Bert+Romberg+spoke+of+his+experience+as+a+Holocaust+survivor+from+Germany.
Photo by Photo by Taylor Fennell

Bert Romberg spoke of his experience as a Holocaust survivor from Germany.

As part of the Reiser Speaking Series, the Texas A&M Hillel organization hosted Holocaust survivor Bert Romberg in Rudder Theatre on Thursday evening. Around 85 people attended the event, which included a question and answer segment at the end.
Bert Romberg was born in Astheim, Germany in 1930, just before the Nazi regime took power. He lived with his mother and sister, Magie, for the early years of his life. In his speech, Romberg discussed how Hitler took advantage of the worn-down German citizens after World War I and promised “to make the country great again.”
“The leadership [of Hitler] began to preach gospel that says, ‘Let us lead you out of this, we will make you great again, we will give you jobs, we will bring you prosperity and Germany will again be a leader in the world,” Romberg said. “Nazi propaganda that was being put out said, ‘The Jews are our enemies, they’re our internal enemy.”
Romberg said the Nazi regime blamed Jews for Germany’s misfortunes and created laws that made it impossible for Jews to continue living normally. These laws caused hardships by stripping away Jewish rights to work, education and police protection. Romberg said he saw this adversity by watching his mother.
“Mother was faced with serious problems,” Romberg said. “Commercially, the business was going to fall about and collapse around her, and the neighbors who used to be her friends [would] no longer trade with her or pay back [their debts].”
As she realized the danger approaching her family, Romberg’s mother decided to apply for a visa to work in Great Britain. She sent her two children to the Kindertransport, a rescue mission of thousands of Jewish children, which allowed them to stay with private English citizens. From there, Romberg and his sister were separated into different foster families.
“For every child that got out onto the Kindertransport, 150 died for the next six years,” Romberg said. “That’s how lucky we were.”
Per British Parliament, the refugees were to be taken care of at no cost to the treasury, which left foster homes responsible for the Jewish children. Romberg’s foster family, the Sheppards, taught him to speak English and gave him piano lessons.
“They shared what nothing they had with me,” Romberg said. “They were kind and good to me. It was a good life.”

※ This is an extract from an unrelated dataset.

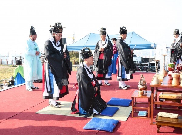 문학산 정상에서 초헌관에는 고춘식 미추홀구 부구청장, 아헌관은 배상록 미추홀구 의회 의장, 종헌관은 고상훈 인천향교 수석장의가 맡아 의례가 진행됐다.

Romberg received a scholarship to complete his education at Battersea School and after
British law gave more freedom to Jewish refugees, Romberg was reunited with his mother and sister. He left for the United States in 1945, where he got a degree in mechanical engineering.

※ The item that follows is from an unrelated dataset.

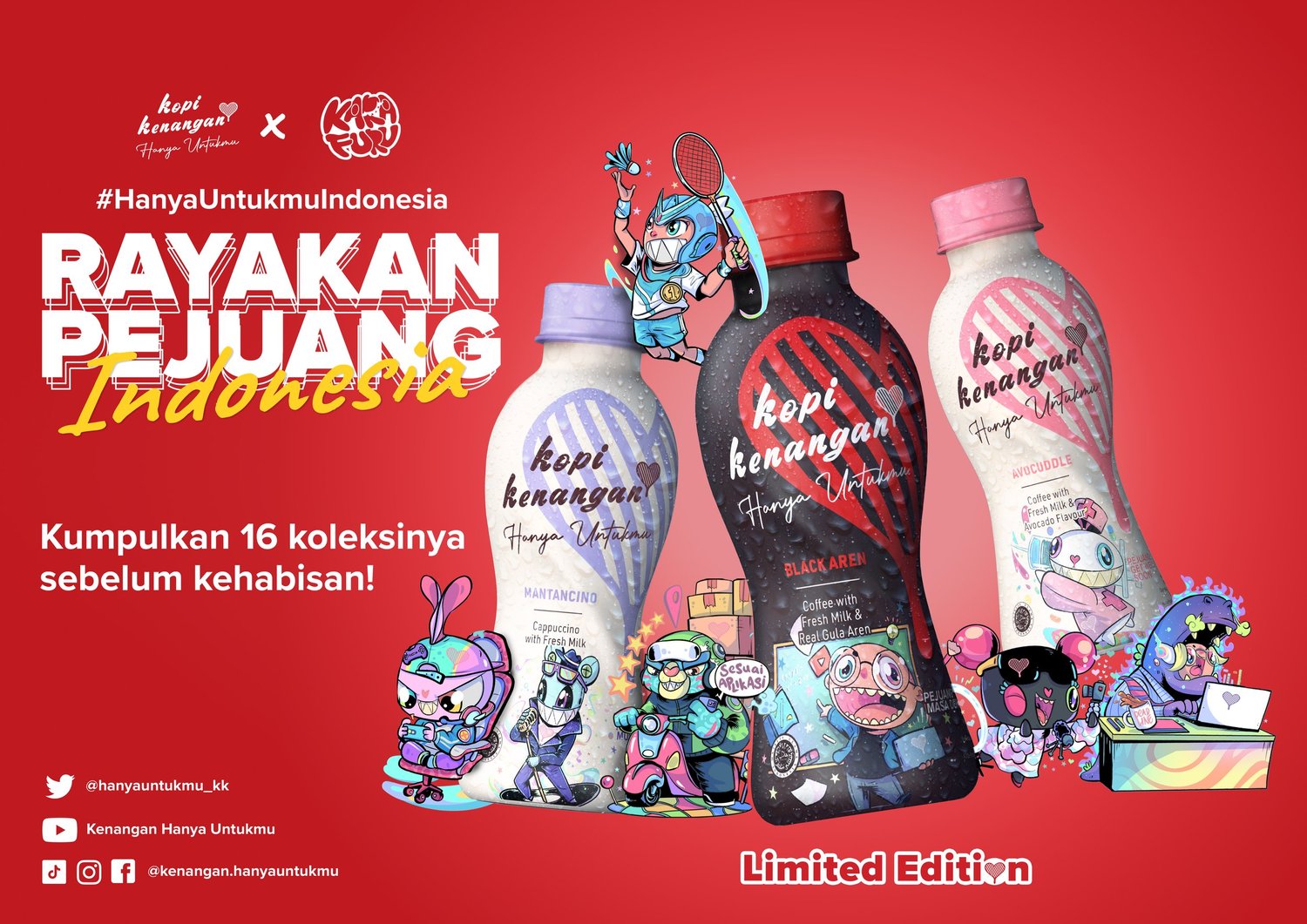 Kopi Kenangan Hanya Untukmu, kopi kemasan siap minum yang berada di bawah naungan Kenangan Brands, menggandeng NFT Artist terkemuka asal Indonesia, Karafuru, untuk menyambut Hari Kemerdekaan Indonesia melalui kolaborasi #HanyaUntukmuIndonesia. Bersama Karafuru, Kopi Kenangan Hanya Untukmu mengeluarkan delapan desain unik yang menggambarkan kehidupan para Pejuang Masa Kini. Delapan desain unik ini kemudian dimanifestasikan dalam kemasan Kopi Kenangan Hanya Untukmu edisi terbatas yang akan tersedia di Alfamart, Alfamidi, Indomaret dan supermarket seluruh Indonesia serta secara daring melalui Tokopedia secara serentak mulai dari tanggal 24 Juli 2022.

Graduate student Colleen Lambo attended the event and enjoyed hearing a new side of the story she has heard for so long.
“I thought it was a really interesting and unique perspective,” Lambo said. “I am used to hearing the stories of the concentration camp victims, but to hear someone who was so successful escape and so thankful about it, was really great.”
Philosophy senior Jonathan Martinez said although the point of view was different, the story was still incredibly sad.
“His story is quite a different one than what you normally would hear from speakers who talk about the Holocaust, but even though it turned out notably better than a lot of the other situations that occurred, it’s still quite heartbreaking to see all the crimes that were occuring,” Martinez said.
Rabbi Yossi Lazaroff, Director of the A&M Rohr Jewish Center, said students should take the opportunity to attend events like this because they will not always have the opportunity to do so.
”It’s important for people to be able to hear firsthand from a survivor, because over the next ten years there may not be any survivors left,” Lazaroff said. “I support any Jewish events that happen here on campus [because] I am the only rabbi at Texas A&M on campus, and events like this are important to support.”